# Work to be completed:
Below is a listing; retype exactly the lines between the one containing "Подвесное плетеное кресло" and the one containing "(주 )한국은 다음과", inclusive, minus the pictures.

# Supplied records:
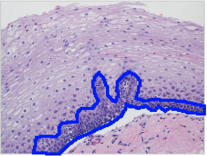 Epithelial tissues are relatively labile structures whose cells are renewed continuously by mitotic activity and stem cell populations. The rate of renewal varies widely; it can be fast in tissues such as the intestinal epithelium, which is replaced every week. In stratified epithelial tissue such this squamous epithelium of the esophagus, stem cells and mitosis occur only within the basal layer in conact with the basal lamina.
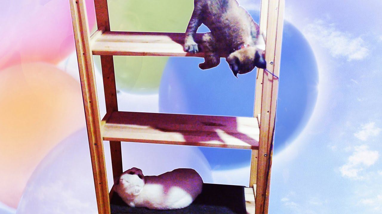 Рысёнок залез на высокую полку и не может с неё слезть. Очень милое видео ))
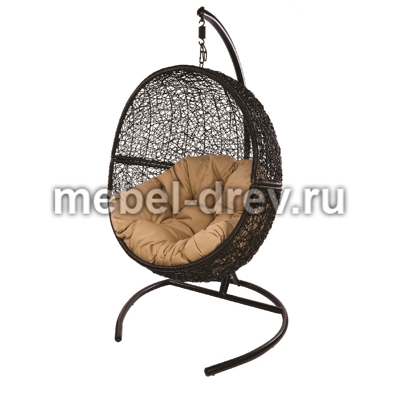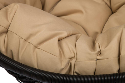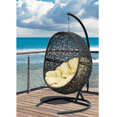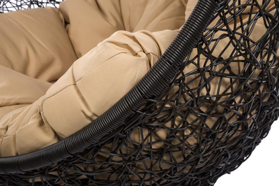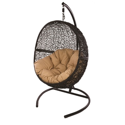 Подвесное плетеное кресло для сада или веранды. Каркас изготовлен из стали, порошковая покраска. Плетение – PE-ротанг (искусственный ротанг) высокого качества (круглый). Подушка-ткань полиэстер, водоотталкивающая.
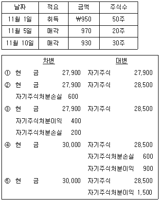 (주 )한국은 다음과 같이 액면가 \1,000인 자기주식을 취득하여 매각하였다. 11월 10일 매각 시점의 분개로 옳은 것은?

...

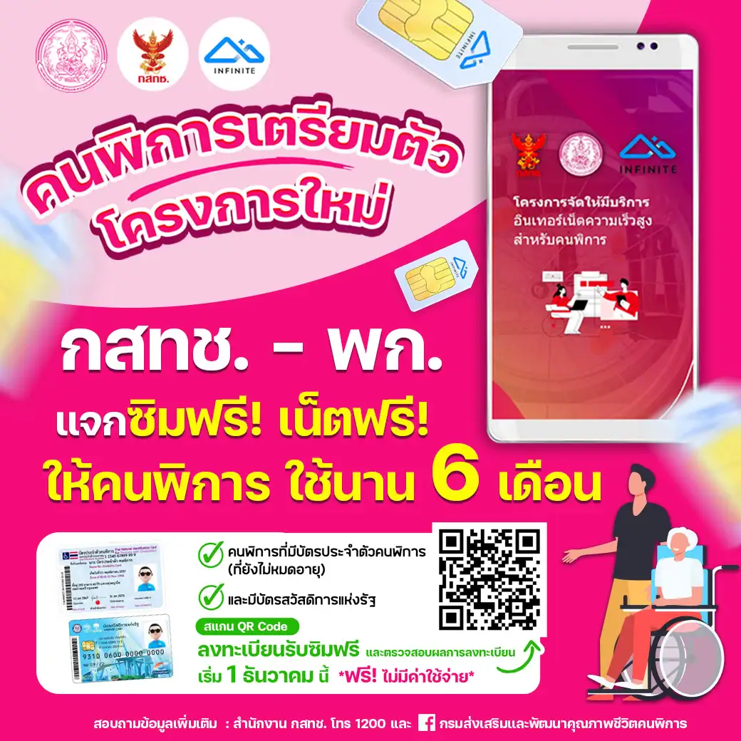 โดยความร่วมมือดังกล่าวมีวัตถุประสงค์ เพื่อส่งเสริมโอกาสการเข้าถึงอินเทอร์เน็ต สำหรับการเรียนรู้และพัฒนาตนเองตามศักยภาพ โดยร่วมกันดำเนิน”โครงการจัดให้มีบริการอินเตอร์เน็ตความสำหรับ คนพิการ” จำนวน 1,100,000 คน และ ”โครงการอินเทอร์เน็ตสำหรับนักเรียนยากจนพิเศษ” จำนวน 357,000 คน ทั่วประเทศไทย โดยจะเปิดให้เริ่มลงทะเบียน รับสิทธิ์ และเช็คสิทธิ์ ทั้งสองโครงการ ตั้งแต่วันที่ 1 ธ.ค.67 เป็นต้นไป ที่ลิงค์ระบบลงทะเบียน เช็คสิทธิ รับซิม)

# Solution:
 Подвесное плетеное кресло для сада или веранды. Каркас изготовлен из стали, порошковая покраска. Плетение – PE-ротанг (искусственный ротанг) высокого качества (круглый). Подушка-ткань полиэстер, водоотталкивающая.
 (주 )한국은 다음과 같이 액면가 \1,000인 자기주식을 취득하여 매각하였다. 11월 10일 매각 시점의 분개로 옳은 것은?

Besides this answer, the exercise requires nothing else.